Monday, July 25, 2016

Appellate Court Affirms DDD Denial of Payment to Guardian

M.L. is the co-guardian and mother of C.L., a disabled 25-year old man with autism and epilepsy. C.L. lives with his parents in their home. He receives support and funding from the New Jersey Department of Human Services, Division of Developmental Disabilities (“DDD”) under their Self-Directed Services (“SDS”) program. Under the SDS program, he receives an annual budget for self-directed day services. The program includes a support coordinator and a fiscal intermediary agency that contracts with DDD for services and acts as the employer of record for providing those services.


M.L. manages the self-directed daytime services her son receives from the DDD; a substantial portion of those services are used to pay Direct Support Professionals (“DSPs”), the people who supervise and assist her son several hours per day.


In 2013, M.L. suspected that the DSP who was assisting her son had accessed her credit card. When the DSP refused to submit to a background check, she terminated his services.


M.L. told the DDD support coordinator that it would take time to find a suitable replacement DSP, and she asked permission to serve as a paid emergency DSP in the meantime. DDD denied her request.


DDD advised M.L. that its policy prohibits the payment for services that are furnished by a “parent/stepparent, spouse, guardian, or relative residing in the service recipient's residence.” Although the policy has an exception that allows for payment to a relative living in the residence to act as an emergency DSP, that exception does not apply to “legally responsible relatives.” Because M.L. is C.L.'s mother and guardian, DDD policy prohibited payment to her from the SDS budget.

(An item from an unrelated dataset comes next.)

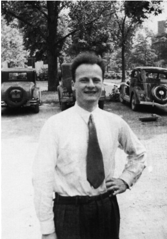
Cowok keren kita, Hans Bethe

Bethe juga menjadi ilmuwan pertama yang berhasil menjelaskan fenomena Lamb shift dalam spektrum hidrogen. Menurut cerita, pada tahun 1947 di Shelter Island dekat New York diadakan suatu konferensi fisika yang dihadiri oleh semua tokoh fisika kelas wahid masa itu seperti Schwinger, Feynman dan Bethe. Ditempat ini mereka

M.L. filed a petition with the DDD. Following an informal conference, the DDD upheld its decision. She requested administrative review; a Final Agency Decision upheld the finding that DDD's policy expressly prohibits the use of the SDS budget to pay M.L.


M.L. appealed to the New Jersey Superior Court, Appellate Division, and the Appellate Division affirmed the denial of her request.


The appellate court recited M.L.'s arguments, which challenged the wisdom of a policy barring payment to a guardian. She argued that the policy creates a hardship for the family, that it is impractical because of delays in finding qualified DSPs, and that it is illogical to bar payment to a guardian who actually provides services, when payment would otherwise be made to a DSP for providing those services. The Appellate Division acknowledged these policy arguments, but concluded that “we are convinced she has failed to establish that the [DDD's] decision prohibiting the payment of funds from C.L.'s SDS budget to M.L. is arbitrary, capricious, or unreasonable.” It continued that,



The policy prohibiting M.L. from receiving payment … promotes appropriate oversight of the services provided and the payments rendered for the services [and] is founded upon the [DDD's] judgment that the fiduciary who is provided the funding on behalf of the person with developmental disabilities … should not also be the individual to whom the funds are paid.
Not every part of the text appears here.